Let me the set the scene for you. It was 2008. I had just graduated from Cornell University, moved to New York City and started my new career as a Human Capital Analyst with Lehman Brothers. The sun was shining, birds were singing, and I was a 21 year old woman ready to take over the world. Sure there were a few pesky rumors of LB’s demise…but it didn’t seem prudent to concern myself with such nonsense. It was Lehman Brothers. The company was too big to fail.
That all changed within a month. As they say, things went awry. Horribly awry. The layoffs seemed endless and my dream job with my dream company became a dream case study for business schools. I watched hundreds of people walk out of the building clutching their severance package letter as if it was all they had left…because it was.
Barclays Capital bought the company and those of us who survived the last round of layoffs took a collective sigh of relief. Nevertheless, the experience taught me two things:
I alone was responsible for the success of my HR career.
It didn’t make sense to have my paycheck come from just one source. I had to develop multiple income streams.
Of course, there are different types of streams. Some are active (traditional careers, small business pursuits, etc.) and some are passive (real estate investments, affiliate marketing, etc.). Today I want to talk about the active income streams. They require your physical presence and consistent engagement in order to generate a paycheck. Currently, I have the following:
Main Stream: HR Manager at PepsiCo
Side Stream: Life and Career Coach
Luckily for me – I love all my streams! And I think I do a pretty good job of managing them along with everything else going on in my life. But if someone is experimenting with this approach for the first time, it can be difficult to stay on top of it all. This is especially true for people who want to have successful careers with their current companies, but have also decided to take on additional pursuits.
I’ll get to the point. You don’t want your side stream to jeopardize the success of your career. Fair or not, once you publicize it, the senior leaders who are in charge of approving your next promotion or assignment will likely take your extra activities into consideration. They may question your dedication, your motives and your career goals.

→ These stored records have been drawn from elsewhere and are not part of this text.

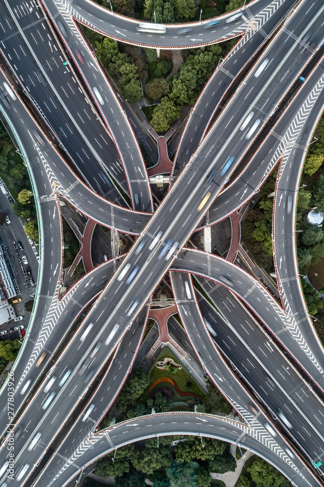 Aerial view of highway and overpass in east Yan`an road, Shanghai city
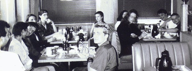 Theesmond, Mick, Jake, Mitch, Cthulhu, d'Kixk, Sondra, Half-of-Abby, Meek, Uncle Phil Bob (?), and Skippy-the-Wonder-Grin at the ShebCo IHOP (RIP), the largest VIB gathering yet?
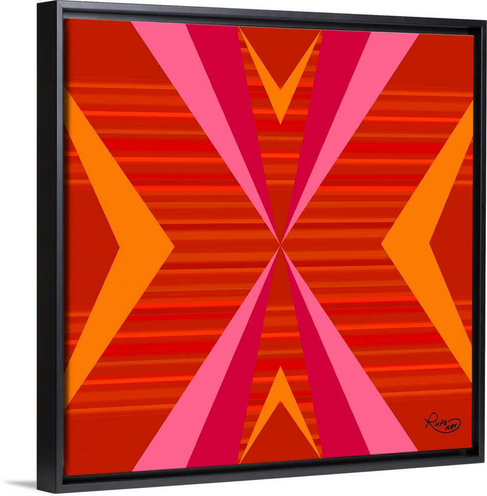 <p>Square abstract of striped diagonal lines in vibrant colors of pink, orange and red.</p>

If you find yourself juggling two or more active income streams, here are a few tips that that should keep you on the right path.
1) Be careful.
Sometimes your activities outside of work will create a conflict of interest with your employer. Review your conflict of interest, moonlighting and disclosure policies to avoid company violations. There may be consequences for violating the rules that can include termination. So don’t take this one lightly.

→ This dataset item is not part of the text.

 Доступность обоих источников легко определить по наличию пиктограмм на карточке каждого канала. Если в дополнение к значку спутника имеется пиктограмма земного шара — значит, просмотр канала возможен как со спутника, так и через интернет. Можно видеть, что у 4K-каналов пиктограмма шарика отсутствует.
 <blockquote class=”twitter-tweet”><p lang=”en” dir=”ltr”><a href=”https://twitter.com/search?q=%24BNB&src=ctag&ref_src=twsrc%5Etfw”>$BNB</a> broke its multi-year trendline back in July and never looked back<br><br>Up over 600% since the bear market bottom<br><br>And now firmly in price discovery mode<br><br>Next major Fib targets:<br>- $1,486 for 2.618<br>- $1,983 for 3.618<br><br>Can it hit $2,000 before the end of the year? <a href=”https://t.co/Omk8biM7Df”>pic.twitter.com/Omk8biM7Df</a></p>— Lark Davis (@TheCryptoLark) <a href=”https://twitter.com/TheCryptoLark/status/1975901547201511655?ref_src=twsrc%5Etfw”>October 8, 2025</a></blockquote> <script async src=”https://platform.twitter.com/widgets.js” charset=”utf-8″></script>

2) Don’t solicit business at work.
Your company may ignore this standard rule when the Girl Scout Cookies show up – but using the break room to promote your latest venture is generally frowned upon. Save it for happy hour. If you find it difficult to focus at work, you may want to consider a career transition so you can dedicate your energy to the work that you love. But if you want to maintain or grow your career with your current employer, stay on the safe side by being fully present and engaged in your core responsibilities while you are on company time.
3) Think before you post.
A few weeks ago, I added my coaching business to my LinkedIn profile. Not only did LinkedIn notify all of my connections, it gave some of my current colleagues the impression that I had left the company! While I was able to quickly resolve the misunderstanding, it could have been avoided had I put a little more thought into my profile update. So it’s important to carefully manage your social media networks. Every post should be intentional and directed to the appropriate audience.
4) Keep the main thing the main thing.
If your main stream is your main source of income…then it should be your main career priority. You can’t afford to miss important meetings or key deadlines to support your other business. Additionally, the LAST thing you want is to get caught working on a personal project during office hours. Plan your week in advance so that you can effectively manage your time.
5) Be prepared to answer direct questions about your career.
If you want to stay and grow with the organization, address any question related to your career head on. It’s up to you to decide how much information to share. But there’s no need to become defensive or evasive. I recommend you provide a concise account of what you are doing and how you got started. Just make sure that by the end of the conversation, your manager walks away with the understanding that you enjoy your job and intend to keep giving it your best.